Носящий это имя, то есть я, изображаю из себя человека 62 лет, с
лысой головой, с вставными зубами и с неизлечимым tic'ом.
Насколько блестяще и красиво мое имя, настолько тускл и
безобразен я сам. Голова и руки у меня трясутся от слабости;
шея, как у одной тургеневской героини, похожа на ручку
контрабаса, грудь впалая, спина узкая. Когда я говорю или читаю,
рот у меня кривится в сторону; когда улыбаюсь — всё лицо
покрывается старчески мертвенными морщинами.
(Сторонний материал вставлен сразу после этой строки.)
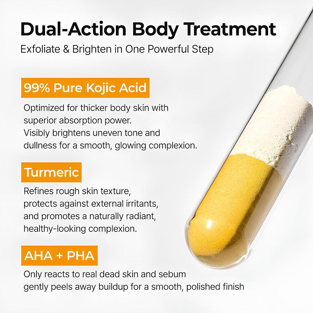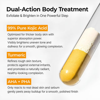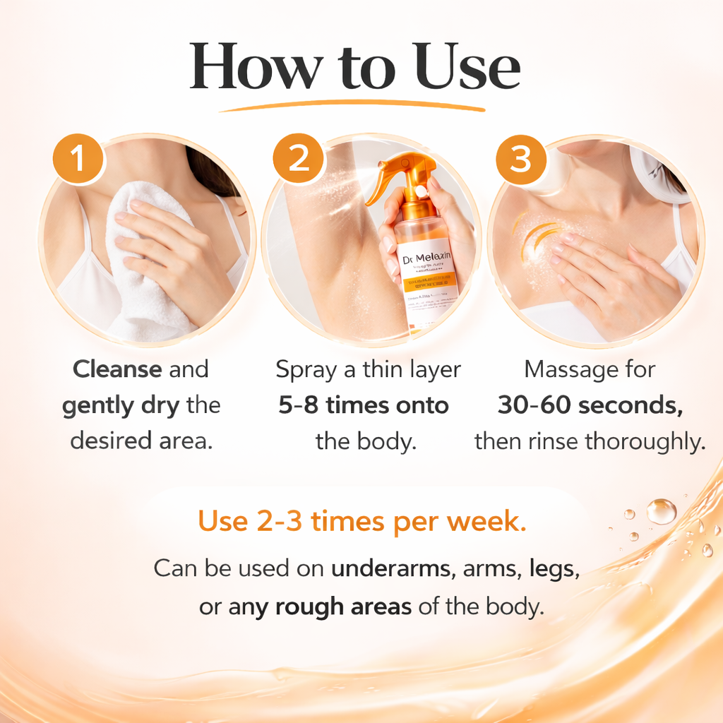 The Dr.Melaxin Turmeric Exfoliating Solution Spray is formulated to remove dead skin buildup, refine rough texture, and reveal a more radiant complexion without stripping moisture. Enriched with turmeric extract, kojic acid, niacinamide, and a gentle AHA/PHA complex, it helps improve uneven tone, reduce dullness, and promote visibly smoother, healthier-looking skin.

Ничего нет
внушительного в моей жалкой фигуре; только разве когда бываю я
болен tic'ом, у меня появляется какое-то особенное выражение,
которое у всякого, при взгляде на меня, должно быть, вызывает
суровую внушительную мысль: «По-видимому, этот человек скоро
умрет».
Читаю я по-прежнему не худо; как и прежде, я могу удерживать
внимание слушателей в продолжение двух часов. Моя страстность,
литературность изложения и юмор делают почти незаметными
недостатки моего голоса, а он у меня сух, резок и певуч, как у
ханжи. Пишу же я дурно. Тот кусочек моего мозга, который
заведует писательскою способностью, отказался служить. Память
моя ослабела, в мыслях недостаточно последовательности, и, когда
я излагаю их на бумаге, мне всякий раз кажется, что я утерял
чутье к их органической связи, конструкция однообразна, фраза
скудна и робка. Часто пишу я не то, что хочу; когда пишу конец,
не помню начала. Часто я забываю обыкновенные слова, и всегда
мне приходится тратить много энергии, чтобы избегать в письме
лишних фраз и ненужных вводных предложений — то и другое ясно
свидетельствует об упадке умственной деятельности. И
замечательно, чем проще письмо, тем мучительнее мое напряжение.
За научной статьей я чувствую себя гораздо свободнее и умнее,
чем за поздравительным письмом или докладной запиской. Еще одно:
писать по-немецки или английски для меня легче, чем по-русски.
Что касается моего теперешнего образа жизни, то прежде всего я
должен отметить бессонницу, которою страдаю в последнее время.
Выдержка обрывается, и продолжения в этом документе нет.